*The data*

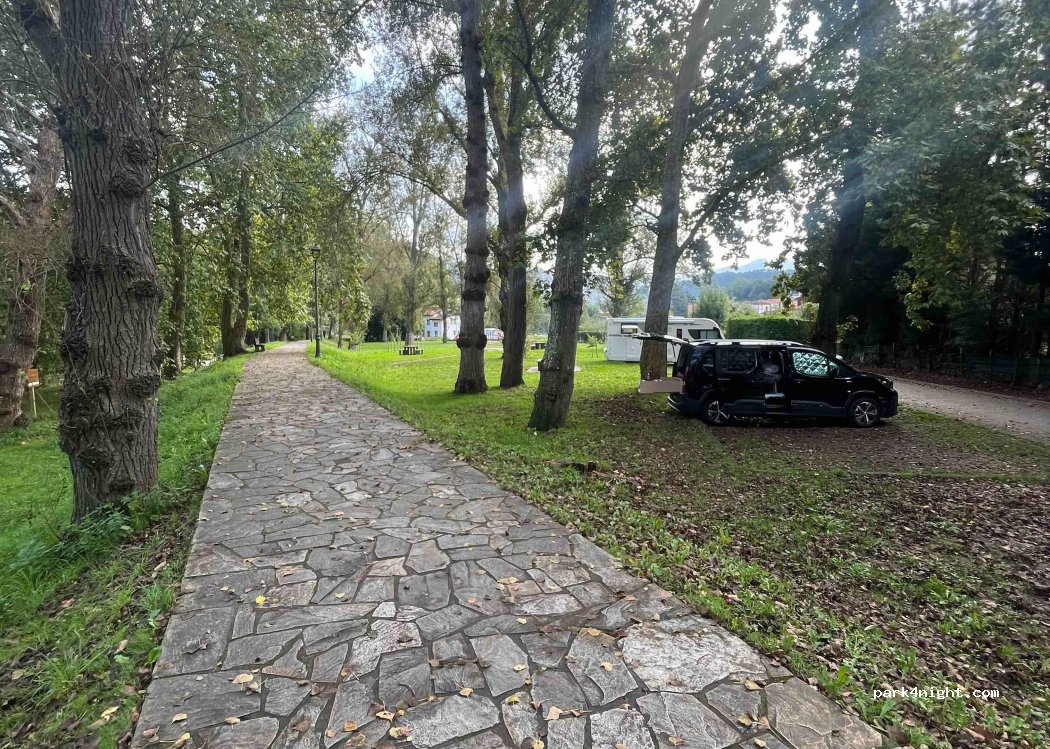 Un parque bastante agradable al lado del río con sus mesas de piknik, un chiringuito al lado y cerquita del pueblo. es bastante movimentado hasta las 22h, después un silencio agradable. esta noche estuvimos dos autos y una furgo.
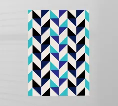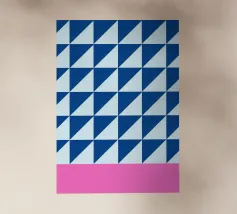 Questa immagine presenta un motivo geometrico composto da forme triangolari alternate, ciascuna riempita da linee orizzontali disegnate a mano.I triangoli sono disposti in un formato a griglia, creando un design ripetitivo e strutturato.La tavolozza dei colori offre uno sfondo morbido e viola con linee blu scuro all'interno dei triangoli.L'effetto disegnato a mano aggiunge una sensazione dinamica e strutturata al motivo altrimenti nitido e angolare.Questo design moderno è ideale per progetti grafici, tessuti o sfondi digitali e offre una sensazione dinamica e strutturata.
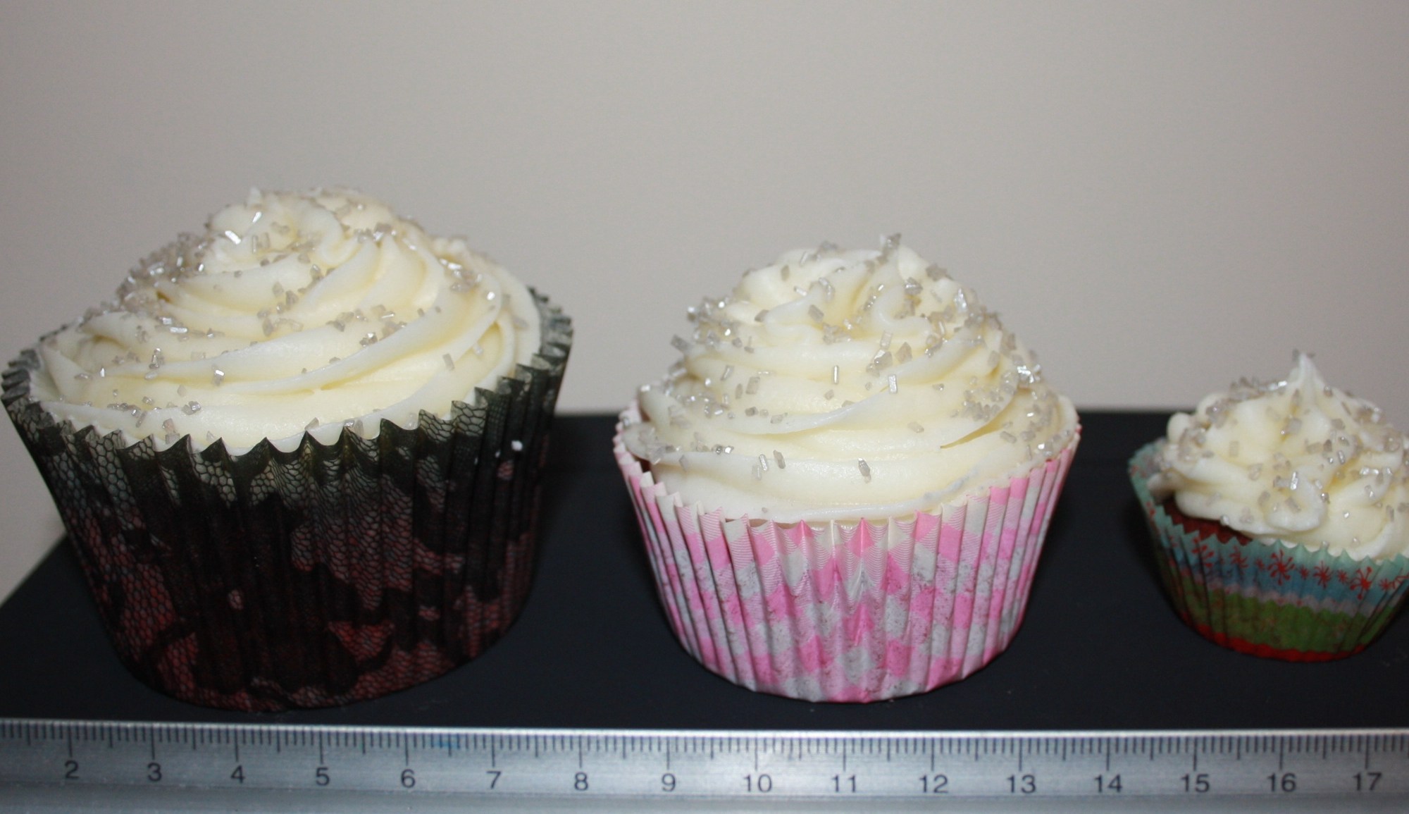 Generalmente, utilizo los moldes del cupcake normal, el del medio de la foto. Tienen un diámetro de unos 4cm y las recetas que suelo hacer para 12 cupcakes emplean ese molde.

*What needs to be done*
Leaving out the pictures, output the listing above exactly as given.

*Task answer*
 Un parque bastante agradable al lado del río con sus mesas de piknik, un chiringuito al lado y cerquita del pueblo. es bastante movimentado hasta las 22h, después un silencio agradable. esta noche estuvimos dos autos y una furgo.
 Questa immagine presenta un motivo geometrico composto da forme triangolari alternate, ciascuna riempita da linee orizzontali disegnate a mano.I triangoli sono disposti in un formato a griglia, creando un design ripetitivo e strutturato.La tavolozza dei colori offre uno sfondo morbido e viola con linee blu scuro all'interno dei triangoli.L'effetto disegnato a mano aggiunge una sensazione dinamica e strutturata al motivo altrimenti nitido e angolare.Questo design moderno è ideale per progetti grafici, tessuti o sfondi digitali e offre una sensazione dinamica e strutturata.
 Generalmente, utilizo los moldes del cupcake normal, el del medio de la foto. Tienen un diámetro de unos 4cm y las recetas que suelo hacer para 12 cupcakes emplean ese molde.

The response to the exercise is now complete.